Самое общее определение коллективного руководства можно сформулировать следующим образом: олигархическая модель власти, основанная на взаимодействии равнозначных вождей большевистской партии — близких соратников Ленина, являвшихся символами революционной легитимности власти.

По партийному уставу, Политбюро, образованное как постоянный орган в 1919 г., было исполнительной инстанцией Центрального Комитета. Политбюро избиралось на пленумах ЦК для ведения политической работы в период между пленумами. Однако в действительности Политбюро являлось высшим органом власти в СССР. Именно Политбюро предопределяло все основные направления развития страны и принимало решения по ключевым вопросам (а также рассматривало массу сравнительно мелких и второстепенных проблем) [10, с. 3]. Политбюро занимало центральное место в системе коллективного руководства. Наличие определенного баланса сил в Политбюро препятствовало становлению единоличной диктатуры, будучи первоочередным условием сохранения коллективного руководства.

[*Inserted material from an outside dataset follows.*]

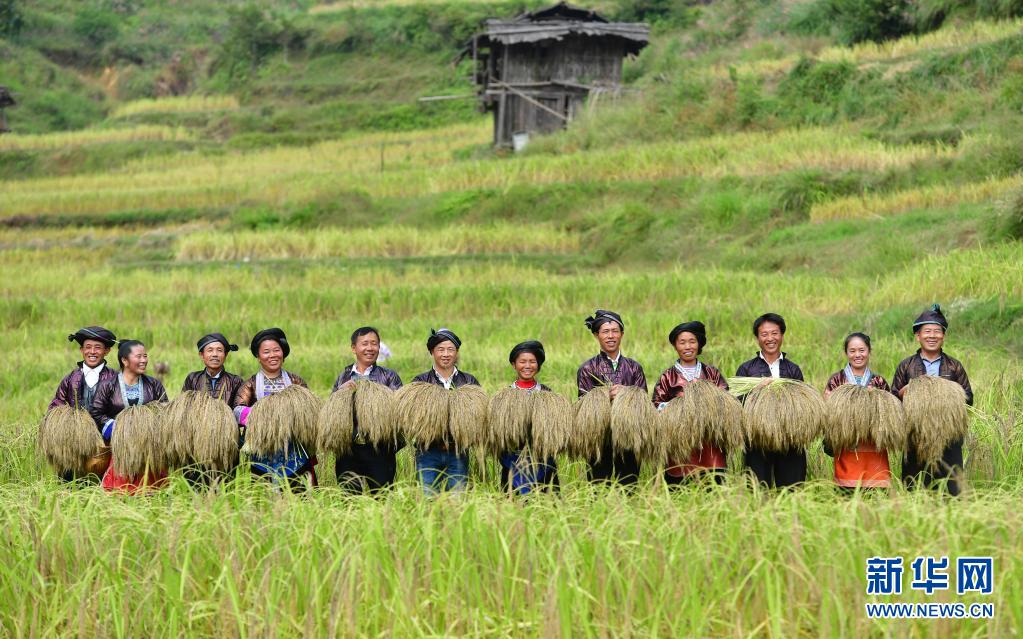 在广西融水苗族自治县良寨乡大里村,村民们展示刚刚收割的脱贫特色产品——紫黑香糯(2018年10月12日摄)。融水苗族自治县曾是国家扶贫开发工作重点县和滇黔桂石漠化片区县,也曾是广西20个深度贫困县之一,贫困发生率一度高达28.53%。2020年11月20日,广西壮族自治区人民政府批准融水苗族自治县退出贫困县序列。新华社记者 黄孝邦 摄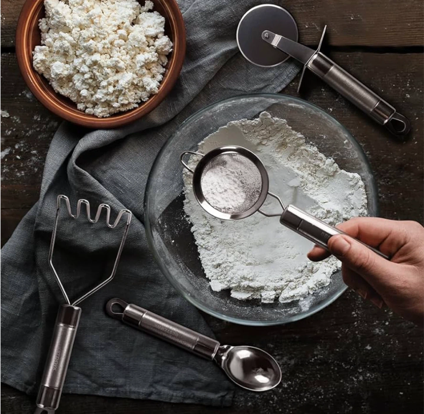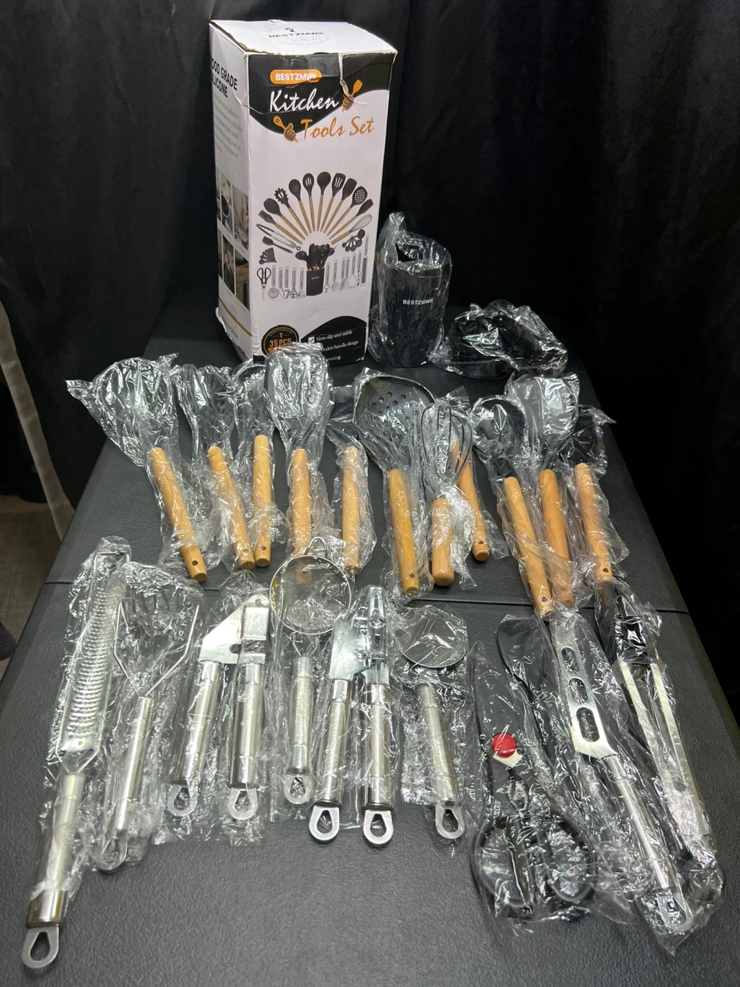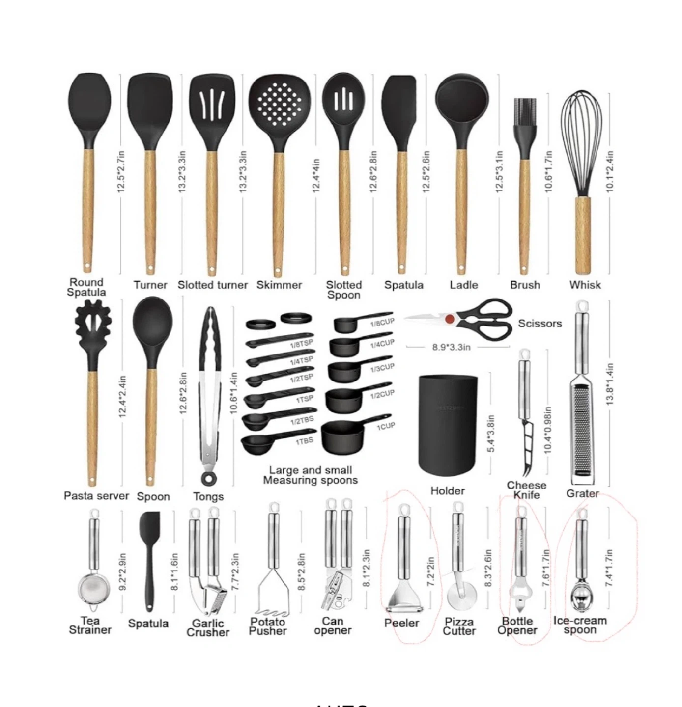 35 COOKING UTENSILS - Utensil Set includes everything you need to cook that perfect dish,includes Slotted Spatula ,Slotted Spoon,Flexible Spatula,Slotted Turner, Solid Turner, Pasta Server,Solid Spoon, Kitchen Tongs, Draining Spoon, Whisk ,Deep Soup Ladle,Spatulas,Brush,Pizza Cutter,Potato,Pusher,Can opener,Grater,Scissors,measuring cups and spoons set,Hooks,Tea strainer,Garlic crusher,Cheese knife,Spatula,Holder

Гарантами коллективного руководства являлись наиболее авторитетные члены Политбюро. По мнению С. Коэна, эту узкую группу составляло «"основное ядро ленинцев", пятеро из шести человек, о которых Ленин писал в своем "Завещании": Троцкий, Сталин, Каменев, Зиновьев и Бухарин» [11, с. 266]. По нашему мнению, к этому списку следует добавить А.И. Рыкова и М.П. Томского, которые занимали важнейшие должности и являлись самодостаточными политическими фигурами. Рыков после смерти Ленина получил должность председателя СНК СССР. С того времени, как Каменев в январе 1926 г. был переведен из членов Политбюро в кандидаты, Рыков, как правило, председательствовал на заседаниях Политбюро. Томский с 1918 г. возглавлял ВЦСПС — центральный орган профессиональных союзов, руководивший деятельностью всех профсоюзных организаций страны. Как заметил сам Томский, такой «насыщенности членами ЦК», как в Президиуме ВЦСПС, не было ни в одном другом внепартийном органе власти [12, л. 33].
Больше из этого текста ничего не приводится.